Google Lens is now able to offer more information on that pesky rash that you’re not sure whether to worry about. In a blog post published this week, Google outlined how the Lens image search feature built into its apps on iOS and Android can “search for skin conditions” like an “odd mole or rash.” It’ll also work on other parts of your body if you want more information about a bump on your lip, line on a nail, or hair loss from your scalp.
Google says its Lens image search can now help identify skin conditions
Google says its Lens image search can now help identify skin conditions
“Just take a picture or upload a photo through Lens, and you’ll find visual matches to inform your search,” the blog post reads. Crucially, however, Google specifically warns that results are “informational only and not a diagnosis” and says users should “consult your medical authority for advice.”
Google has been exploring the use of AI image recognition for skin conditions for years. At its I/O developer conference in 2021 the company previewed a tool that attempted to identify skin, hair, and nail conditions using a combination of photos and survey responses. At the time Google said the tool could recognize 288 different conditions, and would present the correct condition in the top three suggestions 84 percent of the time.

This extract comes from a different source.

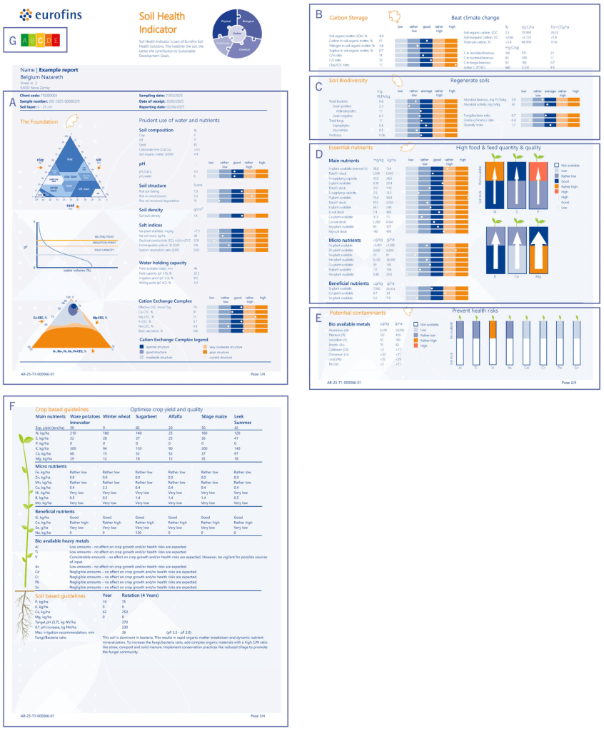 De derde stap is het samenstellen van een uitgebreid bodemgezondheidsrapport. Dit rapport legt verbanden tussen alle gemeten parameters en plaatst ze in zeven grote thema’s: fysica, biologie, koolstof, nutriënten, zware metalen, beheeradvies en een samenvattende ABCDE-score. Die score is gebaseerd op een voorstel van de Europese Commissie en maakt het mogelijk om bodems te classificeren van “A: zeer gezond” tot “E: zwaar gedegradeerd”.

As of this writing, Google’s website for its DermAssist tool says it’s “currently undergoing further market testing through a limited release.” It adds that while it’s CE-marked as a Class 1 Medical Device (a label for goods in the European Economic Area), it’s not been evaluated by the United States FDA and “is intended for informational purposes only and does not provide a medical diagnosis.”
That’s all well and good, but that won’t prevent people from trying to use tools like these for diagnosis. Arguably, adding that sort of disclaimer only shifts liability onto the user, while letting Google still offer the same underlying service.
There’s good reason, too, to be cautious about AI diagnostic tools. One persistent criticism when it comes to identifying skin conditions, is that such software is less accurate for users with darker skin tones. Research cited by The Guardian in 2021 noted a lack of skin type category data across many freely available image databases used to train AI systems, and a lack of images of dark skinned individuals in databases that did include this information.
Google has been working to address these complaints. Last year it partnered with Harvard professor Ellis Monk to promote his Monk Skin Tone Scale (MST) and best practices for how it can be used in AI development. The search giant says its teams have been using the MST Scale for its own “ML labeling tasks, ethnographic research, and fairness testing.”
The company has also suggested in 2021 that its deep learning system was actually more accurate at identifying skin conditions for Black patients. In slides provided by Google to Motherboard, the company said its system had an accuracy rate of 87.9 percent for Black patients, higher than other ethnicities.